## [Task to carry out]
Your task is to copy every line of the records below that contains "will".

## [Data]
'''
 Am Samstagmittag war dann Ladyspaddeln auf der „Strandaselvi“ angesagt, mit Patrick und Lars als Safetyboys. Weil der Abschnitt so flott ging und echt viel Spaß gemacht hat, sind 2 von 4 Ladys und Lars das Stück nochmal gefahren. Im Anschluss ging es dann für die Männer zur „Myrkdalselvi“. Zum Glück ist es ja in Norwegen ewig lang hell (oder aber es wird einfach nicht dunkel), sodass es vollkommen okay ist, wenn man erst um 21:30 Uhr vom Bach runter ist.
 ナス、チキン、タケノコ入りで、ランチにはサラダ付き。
'''
'''
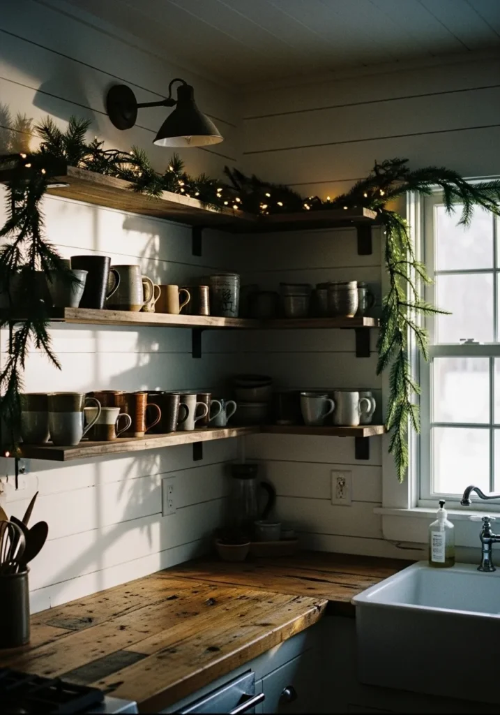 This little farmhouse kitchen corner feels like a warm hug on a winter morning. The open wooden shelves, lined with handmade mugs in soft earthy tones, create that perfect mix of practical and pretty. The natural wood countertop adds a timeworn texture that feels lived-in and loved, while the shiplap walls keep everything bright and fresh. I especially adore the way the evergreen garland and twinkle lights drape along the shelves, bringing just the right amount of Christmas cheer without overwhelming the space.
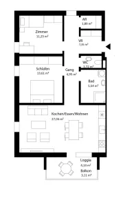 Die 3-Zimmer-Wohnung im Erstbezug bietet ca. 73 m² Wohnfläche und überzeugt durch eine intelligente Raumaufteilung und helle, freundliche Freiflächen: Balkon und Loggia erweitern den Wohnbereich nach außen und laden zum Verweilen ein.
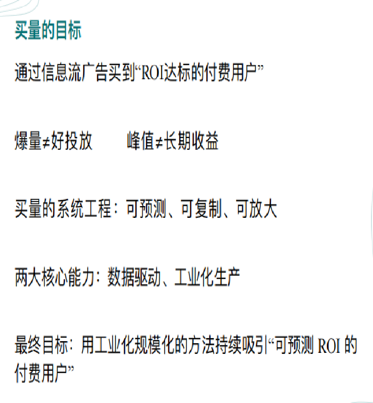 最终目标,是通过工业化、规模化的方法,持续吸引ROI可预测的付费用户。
'''
'''
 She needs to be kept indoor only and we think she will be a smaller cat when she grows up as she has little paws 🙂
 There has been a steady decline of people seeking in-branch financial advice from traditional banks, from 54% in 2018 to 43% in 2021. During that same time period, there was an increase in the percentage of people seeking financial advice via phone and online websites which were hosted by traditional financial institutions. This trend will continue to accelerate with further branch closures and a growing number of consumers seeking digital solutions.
'''
## [Result]
 She needs to be kept indoor only and we think she will be a smaller cat when she grows up as she has little paws 🙂
 There has been a steady decline of people seeking in-branch financial advice from traditional banks, from 54% in 2018 to 43% in 2021. During that same time period, there was an increase in the percentage of people seeking financial advice via phone and online websites which were hosted by traditional financial institutions. This trend will continue to accelerate with further branch closures and a growing number of consumers seeking digital solutions.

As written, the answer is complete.